CHP'nin "alanlara çıkmadığı" eleştirisine yanıt veren Kılıçdaroğlu, konuşmasını şöyle sürdürdü: "Olağanüstü çaba harcayarak, çok sayıda çevre ile bir araya gelip, onların bize soru sormasını ve bu sorulara yanıt vermek istiyoruz. Lafımızı, sözümüzü bizden uzakta olan insanlara anlatmak istiyoruz. Bütün çabamız bunun üzerine kurulmuş durumda. Hepimizin bunu anlatması lazım. Toplumun her kesimine, bu düşüncelerin aktarılması lazım. 'Hayır' çıkması, hayırlı olacak. Hayırın çıkması halinde, herkes yerinde kalacak. Cumhurbaşkanı, Başbakan, Türkiye Büyük Millet Meclisi ve bürokrasi yerinde kalacak ve böylelikle halkın demokrasiye bağlılığı dünyaya ilan edilmiş olacak. 'Biz bütün baskılara ve bütün eşitsiz koşullara rağmen, halk olarak demokrasinin arkasında durduk' söylemi olacak. Türkiye'ye olağanüstü bir itibar sağlanacak ve herkes anayasal sınırları içinde görev yapmaya zorunlu olacak. 'Evet'in çıkması halinde ne olacağı hiç belli değil. Freni olmayan bir otobüse 80 milyon binmiş olacak. Sonu çok tehlikeli. Kişiye ve döneme göre bir değişiklik yapmayacağız. Bir kişiyi olağanüstü yetkilerle donatıyoruz. O kişi çok akıllı olabilir ve o yetkileri çok dikkatli kullanabilir. Bir başka dönem gelir o yetkilere sahip olan birisi, Türkiye'yi allak bullak edebilir. Çağdaş demokrasilerde bir kişiye bu kadar yetki verilmez. Sonuç felaket olur. Fatura hepimiz çıkar. 'Evet' demenin vebali çok ağır olur."
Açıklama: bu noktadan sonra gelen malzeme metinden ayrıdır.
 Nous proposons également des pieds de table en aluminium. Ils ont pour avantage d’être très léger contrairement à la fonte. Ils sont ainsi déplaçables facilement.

Toplantıda gündeme gelen konulara değinen Kılıçdaroğlu, "15 Temmuz darbe girişiminin kontrollü bir darbe girişimi olduğu... Oldu tabii, bunu bilmeyen var mı Allah aşkına, bilmeyen mi var yani bunu? Defalarca bizim grup başkan vekilleri bunu dile getirdi, biz dile getirdik, bütün bunların hepsi söylendi ama önümüzdeki süreçte 15 Temmuz darbe girişiminin siyasi ayağının ortaya çıkması lazım. Bunun siyasi ayağının ortaya çıkması, parlamentoda kurulan darbe komisyonunun çalışması engellendiği için çıkmadı. Belli bürokratların gelip ifade vermesi, açıklama yapması gerekiyordu. Onlar engellendi." ifadelerini kullandı.

Kılıçdaroğlu, 16 Nisan'daki halk oylamasında sandıklara sahip çıkacaklarını vurgulayarak, partililer ve gönüllüler sayesinde bunu yapacaklarını dile getirdi.
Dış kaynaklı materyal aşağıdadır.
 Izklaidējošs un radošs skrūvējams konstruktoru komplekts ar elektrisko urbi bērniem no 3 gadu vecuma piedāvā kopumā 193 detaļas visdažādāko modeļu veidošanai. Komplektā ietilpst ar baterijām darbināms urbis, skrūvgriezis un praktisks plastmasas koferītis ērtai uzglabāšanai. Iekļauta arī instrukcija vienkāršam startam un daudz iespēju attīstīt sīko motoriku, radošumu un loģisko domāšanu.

Varlık Fonunun kurulmasını eleştiren Kılıçdaroğlu, "Türkiye'nin varlıkları rehin olarak gösteriliyor. 'Düyun-u Umumiye' diyenler de var." dedi.

Kılıçdaroğlu, eşit olmayan koşullarda referandum çalışması yürüttüklerini savunarak, "Medyanın yüzde 90'ı ellerinde. Referandum ve seçim sürecinde medyanın partilere eşit zaman ayırmasını engellediler. Her türlü imkan altlarında var. Her şeyleri var." diye konuştu.

Sanatçılardan kendisine "Nasılsınız?" şeklinde bir soru yönetildiğini anlatan Kılıçdaroğlu, "İyiyim. Sinir bozucu saldırılarla karşı karşıyayım bu doğru. Hatta bu gün bana 'ulan' demiş. 'Ulan' diye başlamış sonra düzeltmeye çalışmış. İyice bozuldu sinirleri, öyle anlaşılıyor ama size sözüm var, asla cevap vermeyeceğim. Kısır tartışmaların bu ülkeye fayda getirmediğini görmemiz lazım." ifadelerini kullandı.

Kılıçdaroğlu, "Ben bu ülkenin bütün sağduyulu insanlarına güveniyorum hangi partiden olursa olsun. Adalet ve Kalkınma Partili, MHP'li vatandaşlarla oturup konuşuyoruz. Bunun partiyle alakası yok ki. Bu bir demokrasi sorunu. Anlatıldığı zaman ikna oluyor, 'doğru haklısınz' diyor. 18 madde, binlerce madde olsa anlatmakta sorun yaşardık. Topu topu 18 madde ve bunun 7-8 maddesi sorun zaten." değerlendirmesini yaptı.

Halk oylaması için anket yaptırmadıklarını söyleyen Kılıçdaroğlu, başka çevrelerin yaptırdığı anketlerde hayır oylarının önde olduğunu ileri sürdü.